In the end, I figured that seeing everything on Maui through the lens of academic criticism would ruin my family’s excellent vacation and would taint for me an important memory I will cherish forever. While I couldn’t in good conscience fully abandon my critical lens, I chose to keep criticisms of colonialism and capitalism to myself and pursue a path of curiosity, observation, and openness. Where I could do so politely, I asked questions about what life is like on the island, always remembering that I was an uninvited visitor whose dollars might be welcome but whose actual presence was probably only tolerated. I tried my best to patronize businesses and restaurants owned by Kanaka Maoli, and when that was too impractical, I at least tried to avoid giving my money to mainland-based chains in the perhaps-foolish hope those dollars would stay on Maui. I opened myself to new experiences, and enjoyed with relish everything from delicious Spam musubi to the unbelievably sweet, almost-coconutty, taste of locally grown Maui pineapple. I learned everything I could about Kanaka Maoli history and learned to respect the deep connection these people feel for the aina (land) that was taken from under their feet and the warm waters around the island that abound with sea turtles and other wildlife. And in a totally lame attempt to relieve myself of some of the guilt I had about my consumptive habits, I made a small donation to the much-in-need Maui Food Bank.
But none of this made it sting any less when the server at the Old Lahina Lūau remarked to the gathered crowd that resort hotels now stand on the site where his ancestors grew banana leaves they once used to make kalua pork. He got a big laugh from the audience when he quipped that they now have to use bed sheets from the Sheridan to wrap the pig before it gets buried for cooking. Meanwhile, all I could do was stir my tiki drink in uncomfortable silence.

I’m not sure he was kidding about the bed sheets!

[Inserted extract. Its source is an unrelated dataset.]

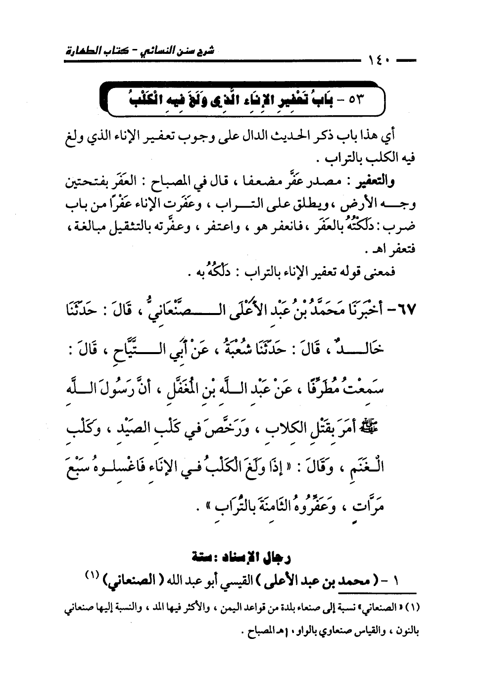 67 - أَخْبَرَنَا مُحَمَّدُ بْنُ عَبْدِ الأَعْلَى الصَّنْعَانِيُّ، قَالَ: حَدَّثَنَا خَالِدٌ، قَالَ: حَدَّثَنَا شُعْبَةُ، عَنْ أَبِي التَّيَّاحِ، قَالَ: سَمِعْتُ مُطَرِّفًا، عَنْ عَبْدِ اللهِ بْنِ الْمُغَفَّلِ، أَنَّ رَسُولَ اللهِ - صلى الله عليه وسلم - أَمَرَ بِقَتْلِ الْكِلاَبِ، وَرَخَّصَ فِي كَلْبِ الصَّيْدِ، وَكَلْبِ الْغَنَمِ، وَقَالَ: "إِذَا وَلَغَ الْكَلْبُ فِي الإِنَاءِ فَاغْسِلُوهُ سَبْعَ مَرَّاتٍ وَعَفِّرُوهُ الثَّامِنَةَ بِالتُّرَابِ".

Note: For an excellent resource on critical evaluations of contemporary Kanaka Maoli life and the politics of Hawaiian sovereignty, I would suggest looking for A Nation Rising: Hawaiian Movements for Life, Land, and Sovereignty edited by Noelani Goodyear-Kaopua, Ikaika Hussey, and Erin Kahunawaika’ala Wright.
I am feeling the same sentiments regarding an upcoming trip to Maui. Would love some restaurant references, if available, of Kanaka Maoli owned establishments. Definitely plan on a donation to the food bank while visiting. Thanks for the thoughtful words on this matter.